Cooperstown museum to celebrate birthday with festivities, new gallery honoring Ruth

COOPERSTOWN, N.Y. -- Seventy-five years ago, the men who made up baseball's elite climbed off a locomotive-drawn train near this little hamlet and set off for the ceremony that would commemorate the alleged 100th anniversary of the game's birth.

The day marked the opening of the National Baseball Hall of Fame and Museum and was heralded by the induction of 26 players, executives, managers and pioneers on the steps of the new red-bricked edifice, the classes of 1936-39. Lou Gehrig couldn't be there because of his fatal illness.

To honor the Hall's 75th birthday on Thursday, Hall of Famers Cal Ripken Jr. and Phil Niekro will be featured guests at the museum, which Commissioner Kenesaw Mountain Landis dedicated in 1939 not only to those who were honored there on that day, "but to all Americans."

"To lovers of sportsmanship and clean minds because those are the principles of baseball," the sport's first Commissioner said.

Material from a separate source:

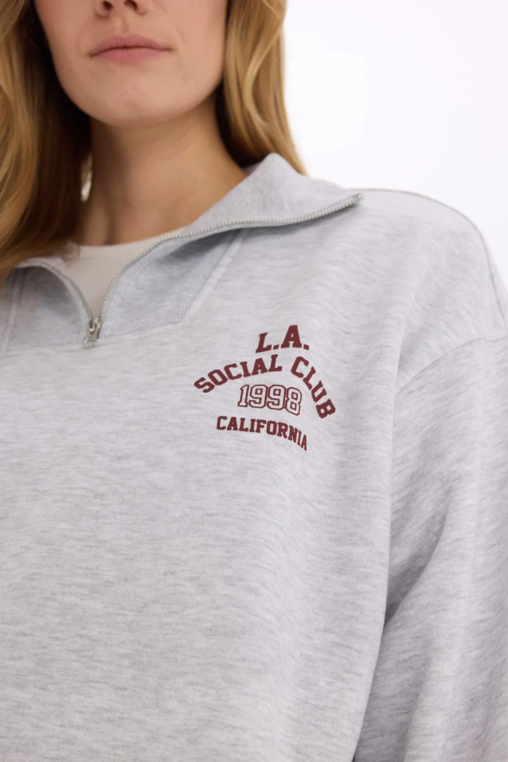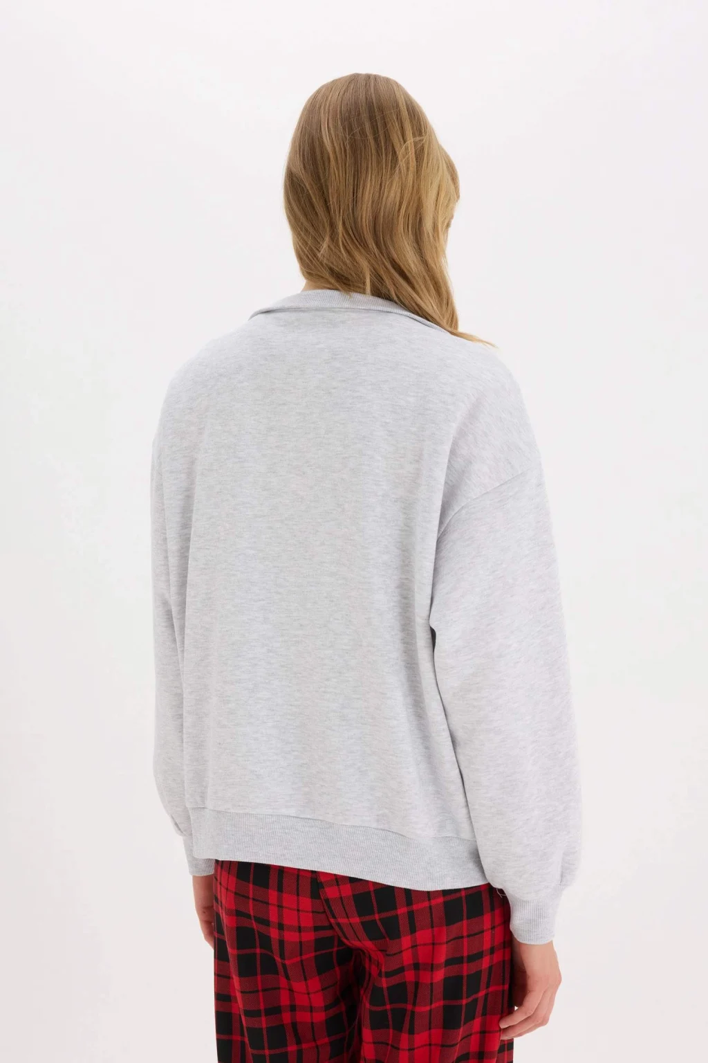 Yetişkin kadınlar için Coool markasının sürdürülebilir ve kalın sweatshirt kumaşından üretilmiş gri oversize geniş kalıp sweatshirt. Kış mevsimi için ideal, örme giyim kategorisinde temel bir ürün.

Thursday's event, which was to be held outside the museum, will instead take place inside due to a forecast of rain. The first 2,000 fans through the doors of the museum will receive a 75th anniversary commemorative keychain. The museum will open at 9 a.m. ET, with admission to the ceremony in the gallery available on a first-come, first-served, standing-room only basis.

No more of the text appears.